MUSE-VL: Modeling Unified VLM through Semantic Discrete Encoding¶
Conference: ICCV 2025 arXiv: 2411.17762 Code: None Area: Multimodal VLM / Unified Understanding and Generation Keywords: unified VLM, visual tokenizer, semantic discrete encoding, autoregressive, image generation
TL;DR¶
This paper proposes a Semantic Discrete Encoding (SDE) visual tokenizer that augments VQGAN with SigLIP semantic feature constraints, enabling discrete visual tokens to align semantically with language tokens. Built upon SDE, a unified autoregressive VLM (MUSE-VL) is constructed that, using only 24M training samples, outperforms Emu3 by 4.8% on understanding benchmarks, surpasses the specialist model LLaVA-NeXT 34B by 3.7%, and simultaneously supports image generation.
Background & Motivation¶
Background: Unified multimodal understanding and generation is a critical research direction for VLMs. Existing unified models (e.g., Chameleon, Show-o, Emu3) employ visual tokenizers such as VQGAN to convert images into discrete tokens, which are then jointly processed with text tokens via next-token prediction. However, VQGAN focuses exclusively on low-level pixel information (reconstruction loss), yielding discrete tokens that lack semantic content.

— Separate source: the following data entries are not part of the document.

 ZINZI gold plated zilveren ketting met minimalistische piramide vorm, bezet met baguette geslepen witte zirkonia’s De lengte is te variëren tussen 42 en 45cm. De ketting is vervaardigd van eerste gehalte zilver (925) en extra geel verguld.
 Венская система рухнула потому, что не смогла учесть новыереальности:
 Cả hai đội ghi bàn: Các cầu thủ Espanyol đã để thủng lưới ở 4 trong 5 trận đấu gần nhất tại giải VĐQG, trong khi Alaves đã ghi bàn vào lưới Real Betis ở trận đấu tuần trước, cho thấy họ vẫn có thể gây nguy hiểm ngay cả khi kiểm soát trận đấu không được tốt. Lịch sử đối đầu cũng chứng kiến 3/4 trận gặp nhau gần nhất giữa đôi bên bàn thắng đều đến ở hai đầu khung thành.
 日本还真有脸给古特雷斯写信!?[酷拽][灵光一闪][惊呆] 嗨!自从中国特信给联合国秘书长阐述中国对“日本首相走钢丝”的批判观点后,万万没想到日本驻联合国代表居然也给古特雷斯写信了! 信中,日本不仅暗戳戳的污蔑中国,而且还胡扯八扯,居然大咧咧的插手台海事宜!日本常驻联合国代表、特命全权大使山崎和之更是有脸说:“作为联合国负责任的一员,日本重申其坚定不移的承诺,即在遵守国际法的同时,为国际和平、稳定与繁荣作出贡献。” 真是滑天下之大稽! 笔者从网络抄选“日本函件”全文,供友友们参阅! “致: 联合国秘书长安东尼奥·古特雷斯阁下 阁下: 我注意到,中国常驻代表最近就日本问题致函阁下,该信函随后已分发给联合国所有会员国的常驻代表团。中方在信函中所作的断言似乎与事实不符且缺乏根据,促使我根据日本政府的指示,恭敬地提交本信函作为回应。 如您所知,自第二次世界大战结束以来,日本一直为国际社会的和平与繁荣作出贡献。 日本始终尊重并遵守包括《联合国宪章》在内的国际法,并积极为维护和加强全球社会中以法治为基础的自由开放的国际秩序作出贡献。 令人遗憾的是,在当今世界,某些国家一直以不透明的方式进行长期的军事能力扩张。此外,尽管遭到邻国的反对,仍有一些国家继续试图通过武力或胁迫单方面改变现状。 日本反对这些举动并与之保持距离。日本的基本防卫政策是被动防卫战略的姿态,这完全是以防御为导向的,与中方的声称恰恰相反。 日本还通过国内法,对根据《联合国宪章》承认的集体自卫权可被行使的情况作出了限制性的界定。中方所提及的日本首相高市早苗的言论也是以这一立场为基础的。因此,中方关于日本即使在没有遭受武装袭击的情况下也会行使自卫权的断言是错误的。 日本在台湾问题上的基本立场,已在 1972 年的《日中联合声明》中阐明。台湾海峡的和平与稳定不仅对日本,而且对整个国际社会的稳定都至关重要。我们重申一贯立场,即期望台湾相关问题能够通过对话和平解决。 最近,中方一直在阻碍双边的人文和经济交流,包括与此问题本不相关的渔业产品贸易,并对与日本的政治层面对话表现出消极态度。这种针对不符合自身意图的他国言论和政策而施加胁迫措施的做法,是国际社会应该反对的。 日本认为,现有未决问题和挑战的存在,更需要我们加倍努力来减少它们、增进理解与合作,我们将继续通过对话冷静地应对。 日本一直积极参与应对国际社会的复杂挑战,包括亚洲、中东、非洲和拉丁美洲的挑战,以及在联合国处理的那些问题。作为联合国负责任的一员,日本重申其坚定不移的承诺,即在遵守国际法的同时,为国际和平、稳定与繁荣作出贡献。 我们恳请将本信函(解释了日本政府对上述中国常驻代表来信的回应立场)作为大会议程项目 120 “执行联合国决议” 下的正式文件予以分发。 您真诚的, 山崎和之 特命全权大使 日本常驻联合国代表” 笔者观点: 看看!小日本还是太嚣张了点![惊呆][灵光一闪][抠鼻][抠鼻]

Limitations of Prior Work: (1) A large semantic gap exists between VQGAN tokens and language tokens, causing unified models to underperform specialist models significantly on understanding tasks. (2) Models like Chameleon require training the LLM from scratch, imposing prohibitive data and compute requirements. (3) VILA-U attempts to align semantics by jointly training contrastive and reconstruction losses, but suffers from severe loss conflicts that hinder convergence.
Key Challenge: Visual tokens must simultaneously satisfy two conflicting requirements—preserving low-level pixel information for image reconstruction/generation while carrying high-level semantic information for understanding. VQGAN addresses only the former, CLIP only the latter, and naively combining them (as in VILA-U) leads to conflicts.
Goal: Design a visual tokenizer whose discrete codes retain image reconstruction capability while encoding rich semantic information, thereby reducing the training difficulty of unified VLMs.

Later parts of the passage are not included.